We have recognized a common law cause of action for a particular form of wrongful discharge: discharge for an employee's refusal to violate the law. See Phipps v. Clark Oil & Ref. Corp., 408 N.W.2d 569, 571 (Minn.1987). The cause of action recognized by Phipps has its statutory counterpart in subdivision 1(3) of the MWA, which prohibits employment discrimination based on an employee's refusal to “perform an action that the employee has an objective basis in fact to believe violates” the law. Minn.Stat. § 181.932, subd. 1(3) (2014).
But we have never recognized a common law cause of action for wrongful discharge for an employee's reporting of violations of the law. And we limited the Phipps wrongful discharge tort in Dukowitz v. Hannon Security Services, 841 N.W.2d 147 (Minn.2014). In Dukowitz, we held that Phipps created a narrow public-policy exception to the employment-at-will rule, thus limiting the common law cause of action to discharges caused by an employee's good-faith refusal to violate the law. Id. at 150. Dukowitz now precludes the possibility of a common law cause of action for wrongful discharge based on an employee's reporting of suspected or actual violations of the law.
Reading Sipe, Phipps, and Dukowitz together, it is clear that the cause of action created by section 181.932, subdivision 1(1), has no counterpart in Minnesota common law.

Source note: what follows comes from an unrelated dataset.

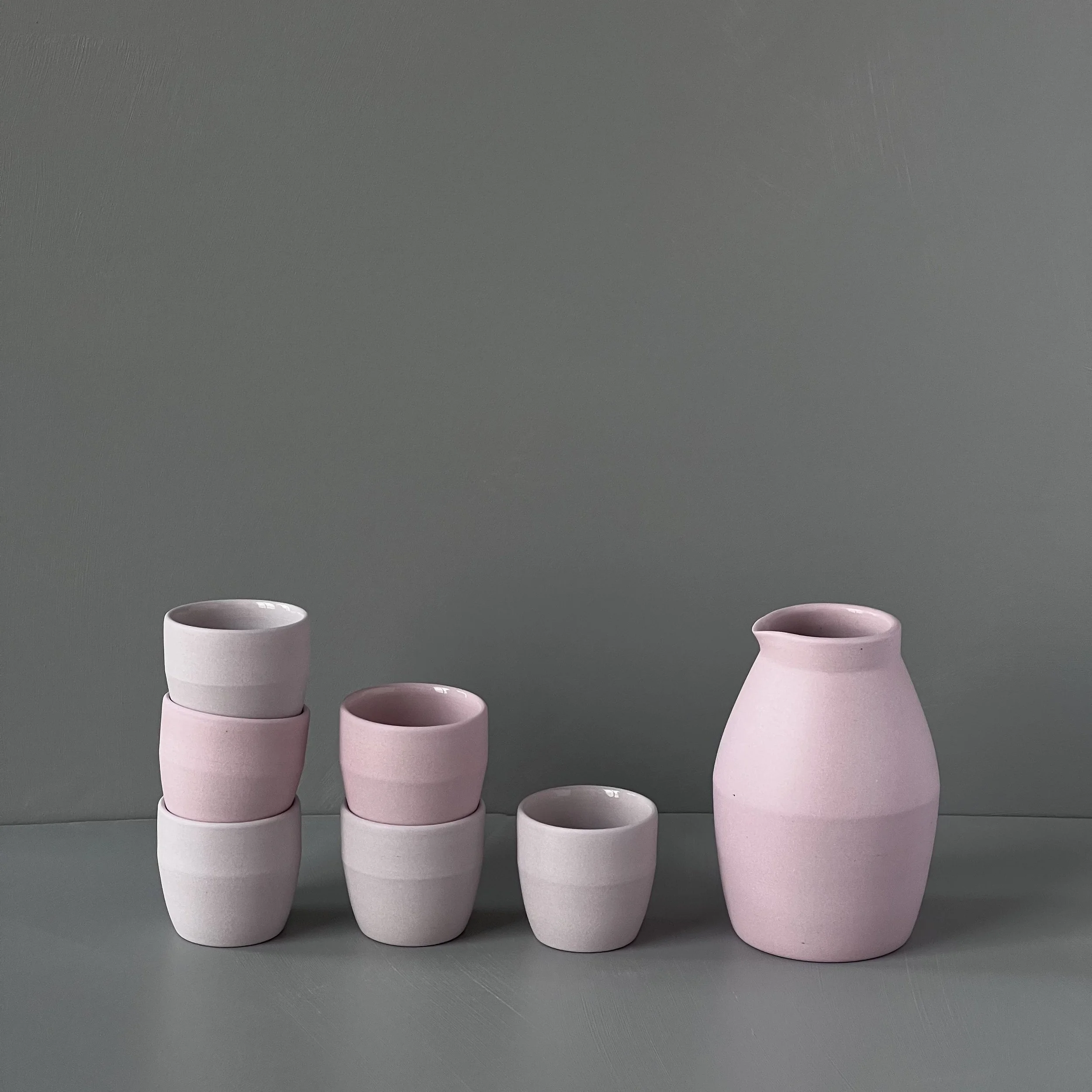 one of a kind sake set in pale lavender and pink

It follows that Ford's claim is “upon a liability created by statute” and that no shorter limitations period “is provided by section 541.07,” Minn.Stat. § 541.05, subd. 1(2), meaning that the statute of limitations is 6 years. Minn.Stat. § 541.05, subd. 1. Ford's claim that she was wrongfully discharged for reporting a violation of law was timely.
MPS argues that there are sound policy reasons for a 2–year statute of limitations in employment cases, as acknowledged in Larson v. New Richland Care Center, 538 N.W.2d 915, 921 n. 5 (Minn.App.1995), abrogated on other grounds by Gordon v. Microsoft Corp., 645 N.W.2d 393 (Minn.2002).2 MPS suggests that the shorter period encourages prompt investigation of employees' claims (including of an employer's allegedly illegal conduct) and reduces the likelihood that evidence will become stale. MPS further argues that it is anomalous that an MWA claim under subdivision 1(3) may have a 2–year limitation when a claim under subdivision 1(1) has a 6–year limitation.

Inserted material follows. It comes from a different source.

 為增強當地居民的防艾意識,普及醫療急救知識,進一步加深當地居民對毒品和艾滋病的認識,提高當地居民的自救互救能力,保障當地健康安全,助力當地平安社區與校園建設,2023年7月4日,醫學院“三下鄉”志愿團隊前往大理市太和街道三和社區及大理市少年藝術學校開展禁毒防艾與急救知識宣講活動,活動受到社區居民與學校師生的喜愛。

But our decision today is grounded in the text of the applicable statutes and on controlling precedent. In such an instance, the merits of MPS's policy arguments are for the Legislature to consider. See Axelberg v. Comm'r of Pub. Safety, 848 N.W.2d 206, 212 (Minn.2014) (“[W]e must read this state's laws as they are, not as some argue they should be.”); Dukowitz, 841 N.W.2d at 151–52.
Citing Abraham v. County of Hennepin, 639 N.W.2d 342 (Minn.2002), MPS warns that any determination that an MWA claim brought under subdivision 1(1) has no counterpart at common law would undermine a plaintiff's right to a jury trial. MPS's concern is misplaced. A claim under subdivision 1(1) is still a cause of action at law for which there is a jury trial right. See Schmitz v. U.S. Steel Corp., 852 N.W.2d 669, 674 (Minn.2014) (determining that a retaliatory-discharge claim under the Workers' Compensation Act that seeks only money damages is legal in nature and therefore carries an attendant right to a jury trial under the Minnesota Constitution).
For these reasons, Ford's cause of action for violation of subdivision 1(1) of the MWA is governed by the 6–year statute of limitations found in Minn.Stat. § 541.05, subd. 1(2).
HUDSON, J. took no part in the consideration or decision of this case.
1. According to the district court's findings of fact, “excessed” means that the individual is no longer employed full-time but has the option to work intermittently and receive preferences for positions that become available in the future based on the controlling union contract.
2. To the extent that Larson suggests that all claims under the MWA are subject to the 2–year statute of limitations in section 541.07(1), Larson is overruled.